Christiaen Vlecken, afkomstig uit Walem maar wonende in Houthem werd eveneens opgepakt. Hij werd reeds in 1773 gearresteerd. Vlecken was van beroep veekoopman, maar handelde in oude paarden. Dat het gezin het niet al te breed had bleek wel uit het feit dat zijn kinderen bedelden om aan geld te komen. Vlecken werd beschuldigd van tenminste dertien inbraken. Begin juli 1774 werd hij ter dood veroordeeld, maar hij wist uit gevangenschap te ontsnappen en werd bij verstek tot dood aan de galg veroordeeld. Het vonnis werd aan de galg gehangen. Als hij alsnog in handen van justitie viel, wachtte hem dus de dood. Hij ontsprong de dans.
Mathijs Schröders, alias Thijske Muijters, was gehuwd met Jenne Boosten en woonde in Houthem. Op 29 juli 1773 werd hij gearresteerd wegens vermeende bokkenrijders-praktijken. De gruwel van de martelingen bleef hem niet gespaard en hij overleed zelfs aan de gevolgen daarvan. Op 14 september 1773 werd zijn lijk aan de galg gehangen.

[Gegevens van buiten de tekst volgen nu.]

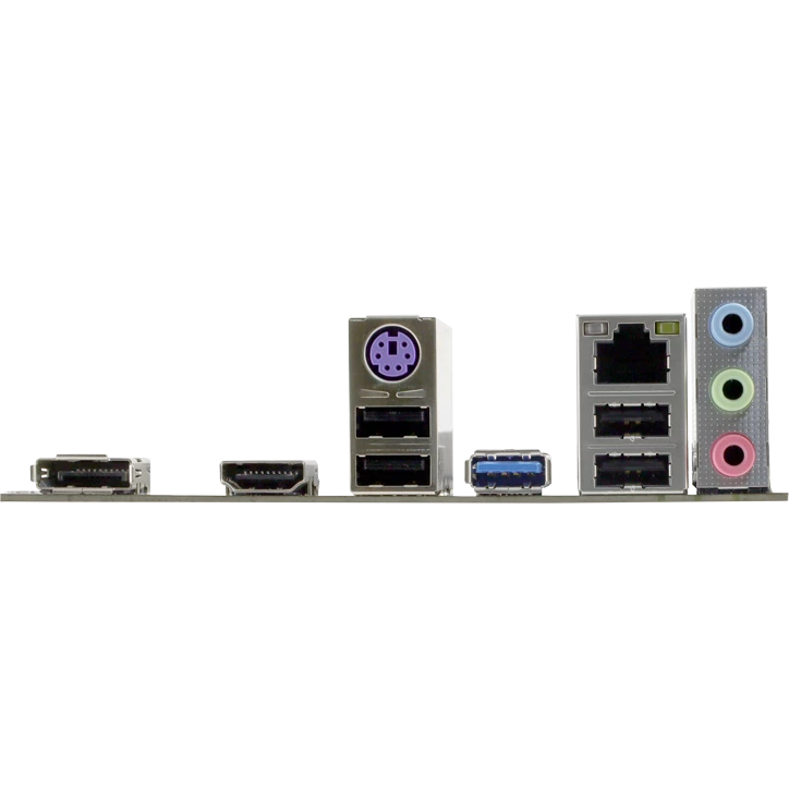 PS/2, 4 x USB 2.0, USB 3.2 Gen1, HDMI, DisplayPort, RJ-45

Joannes Speessen was gehuwd met Agnes Weusten en van beroep akkerman. Hij was een geletterd man. De eerder genoemde Vlecken beschuldigde ook hem ervan een bokkenrijder te zijn, maar herriep later deze beschuldiging. Zijn echtgenote pleitte voor hem en dat had effect: op 16 mei 1774 werd hij uit detentie ontslagen. Een geletterd man wist dankzij zijn echtgenote de dans te ontspringen. Hierover schreef Sleinada: “Er waeren nog eenige gediti-neerdens te Valkenborg, maer die hebben eene byzondere genaede gehad, dewyl ze los gelaeten wierden, doch waerom, is my onbekend”.
In 1773 stelde de secretaris van de schepenbank van Hout-hem een rekest op, dat melding maakte van de activiteiten van dieven. ‘Lens Schouteten en zijn medeplichtige Johan Vlecken de Spanjaard, beiden van Houthem, alsook Mathias Muyters en Willem K., wonende aan het Lintje, alsmede wonende te St.Gerlach op Geulem aan, Joannes Beckers, welke personen mede behoren onder de beruchte bende gauwdieven, dewelke zoo langen tijd binnen deze en omliggende landen de overhand gehad hebben. Zij worden gestraft en zullen loon naar werken ontvangen”. Lens Schouteten was volgens Blok echter woonachtig in Arens-genhout en niet in Houthem. Met Joannes Beckers zal Joannes Pirongs bedoeld zijn. Onduidelijk is wie Willem K. was.

Broekhem
Opvallend is een viertal vermeende bokkenrijders, die allen uit de familie Meeuwissen stammen. Gosewijn Meeuwissen woonde in Strabeek. Hij was dagloner van beroep en ongehuwd. Hij werd door de eveneens van bokkenrijdersactiviteiten beschuldigde uit Heek afkomstige Geertruid Bosch aangewezen als medeplichtige. Op 5 oktober 1775 stierf hij aan de galg.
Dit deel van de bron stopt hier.